• _To do_
Without including any pictures, retype exactly the lines from the top of the records through the line containing "支持组织架构调整和人员全生命周期在线管理,员工生命周期自动记录", that final line included.

• _Given data_
+ + + +

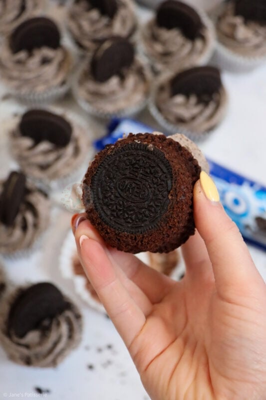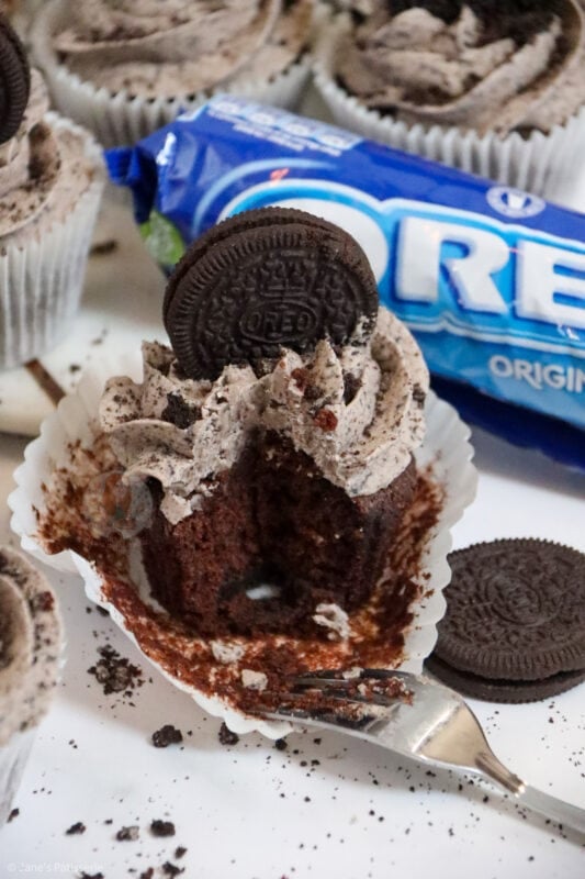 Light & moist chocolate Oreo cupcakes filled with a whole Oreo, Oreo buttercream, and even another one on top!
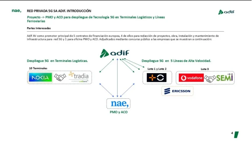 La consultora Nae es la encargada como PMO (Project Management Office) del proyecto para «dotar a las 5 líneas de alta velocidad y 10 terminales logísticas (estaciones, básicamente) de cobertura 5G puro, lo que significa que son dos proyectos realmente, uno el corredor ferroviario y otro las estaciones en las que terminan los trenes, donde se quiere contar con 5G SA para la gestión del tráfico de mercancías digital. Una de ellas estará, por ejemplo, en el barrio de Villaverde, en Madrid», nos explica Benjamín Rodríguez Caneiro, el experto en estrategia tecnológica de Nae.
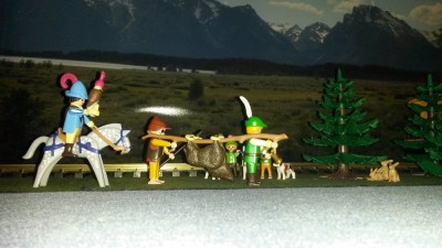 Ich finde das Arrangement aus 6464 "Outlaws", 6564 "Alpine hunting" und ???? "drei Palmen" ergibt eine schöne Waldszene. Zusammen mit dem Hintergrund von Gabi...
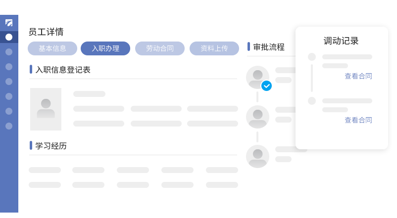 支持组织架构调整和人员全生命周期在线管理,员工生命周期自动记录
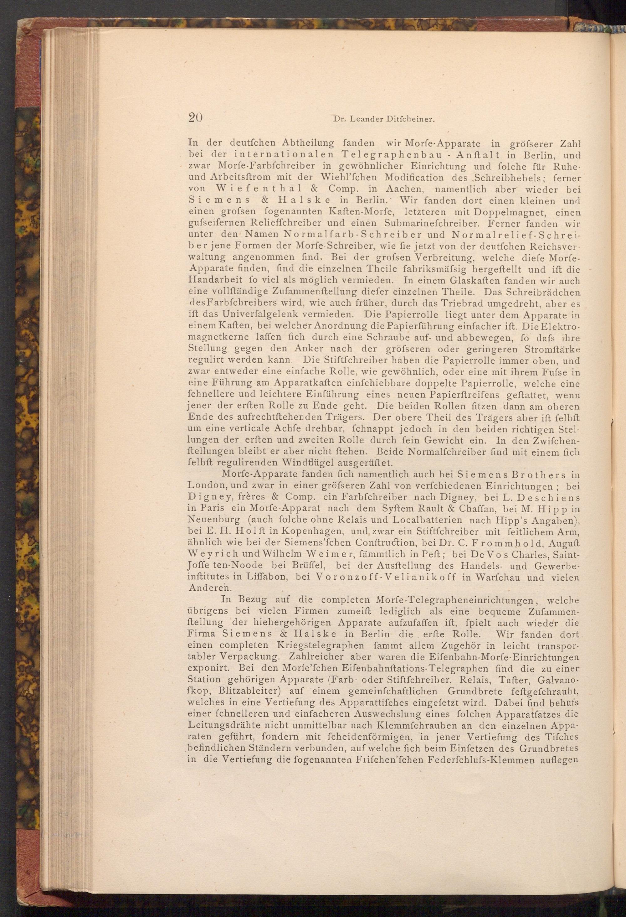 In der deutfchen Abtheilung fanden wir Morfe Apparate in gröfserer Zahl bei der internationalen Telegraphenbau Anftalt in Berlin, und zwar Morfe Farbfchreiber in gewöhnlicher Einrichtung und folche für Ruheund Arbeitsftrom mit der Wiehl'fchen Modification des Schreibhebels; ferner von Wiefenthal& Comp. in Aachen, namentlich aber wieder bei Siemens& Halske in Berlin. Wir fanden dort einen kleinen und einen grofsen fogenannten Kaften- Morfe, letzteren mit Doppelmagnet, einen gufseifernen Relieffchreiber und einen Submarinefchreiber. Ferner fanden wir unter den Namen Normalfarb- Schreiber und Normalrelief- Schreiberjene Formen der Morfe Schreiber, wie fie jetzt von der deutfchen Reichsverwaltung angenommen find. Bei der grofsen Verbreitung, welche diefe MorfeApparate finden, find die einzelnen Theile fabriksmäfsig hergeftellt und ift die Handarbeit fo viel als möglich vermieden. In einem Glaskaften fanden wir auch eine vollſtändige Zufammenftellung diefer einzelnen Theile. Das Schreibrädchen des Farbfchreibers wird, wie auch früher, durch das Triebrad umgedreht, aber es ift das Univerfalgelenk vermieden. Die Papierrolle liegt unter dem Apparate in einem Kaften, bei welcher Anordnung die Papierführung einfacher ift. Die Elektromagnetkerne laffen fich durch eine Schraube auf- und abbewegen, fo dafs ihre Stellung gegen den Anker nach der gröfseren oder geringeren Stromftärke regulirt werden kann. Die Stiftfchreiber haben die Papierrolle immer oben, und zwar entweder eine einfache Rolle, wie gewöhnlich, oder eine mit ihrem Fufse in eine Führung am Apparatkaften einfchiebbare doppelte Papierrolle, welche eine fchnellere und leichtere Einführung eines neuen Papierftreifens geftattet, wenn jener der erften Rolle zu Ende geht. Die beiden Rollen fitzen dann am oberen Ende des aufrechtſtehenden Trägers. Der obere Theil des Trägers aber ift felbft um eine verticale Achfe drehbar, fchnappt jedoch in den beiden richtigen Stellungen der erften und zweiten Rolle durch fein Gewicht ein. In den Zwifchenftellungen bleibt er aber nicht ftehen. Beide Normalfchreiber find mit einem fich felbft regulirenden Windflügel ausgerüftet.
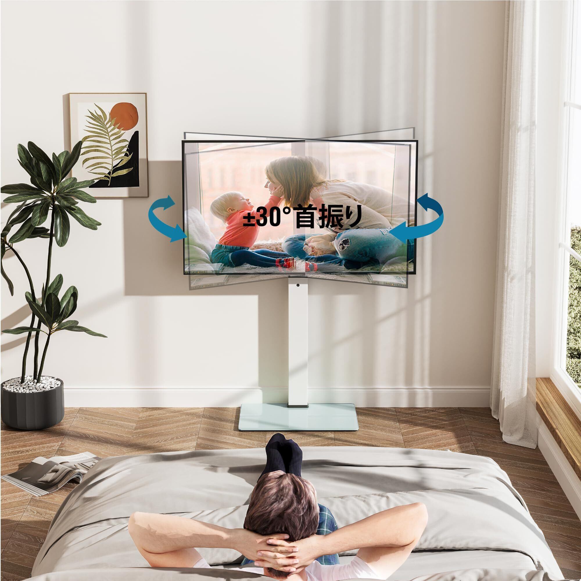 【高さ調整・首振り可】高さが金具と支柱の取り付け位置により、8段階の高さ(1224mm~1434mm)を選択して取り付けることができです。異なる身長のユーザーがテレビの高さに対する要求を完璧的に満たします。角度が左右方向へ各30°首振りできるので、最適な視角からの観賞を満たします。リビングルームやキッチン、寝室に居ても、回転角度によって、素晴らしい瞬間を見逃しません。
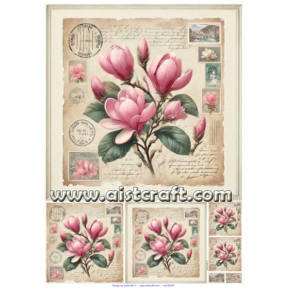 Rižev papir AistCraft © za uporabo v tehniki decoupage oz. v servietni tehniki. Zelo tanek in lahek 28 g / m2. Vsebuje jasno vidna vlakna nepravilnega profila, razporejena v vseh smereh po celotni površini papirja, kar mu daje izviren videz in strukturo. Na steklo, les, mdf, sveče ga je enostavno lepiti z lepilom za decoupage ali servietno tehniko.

+ + + +

• _Answer to the problem_
 Light & moist chocolate Oreo cupcakes filled with a whole Oreo, Oreo buttercream, and even another one on top!
 La consultora Nae es la encargada como PMO (Project Management Office) del proyecto para «dotar a las 5 líneas de alta velocidad y 10 terminales logísticas (estaciones, básicamente) de cobertura 5G puro, lo que significa que son dos proyectos realmente, uno el corredor ferroviario y otro las estaciones en las que terminan los trenes, donde se quiere contar con 5G SA para la gestión del tráfico de mercancías digital. Una de ellas estará, por ejemplo, en el barrio de Villaverde, en Madrid», nos explica Benjamín Rodríguez Caneiro, el experto en estrategia tecnológica de Nae.
 Ich finde das Arrangement aus 6464 "Outlaws", 6564 "Alpine hunting" und ???? "drei Palmen" ergibt eine schöne Waldszene. Zusammen mit dem Hintergrund von Gabi...
 支持组织架构调整和人员全生命周期在线管理,员工生命周期自动记录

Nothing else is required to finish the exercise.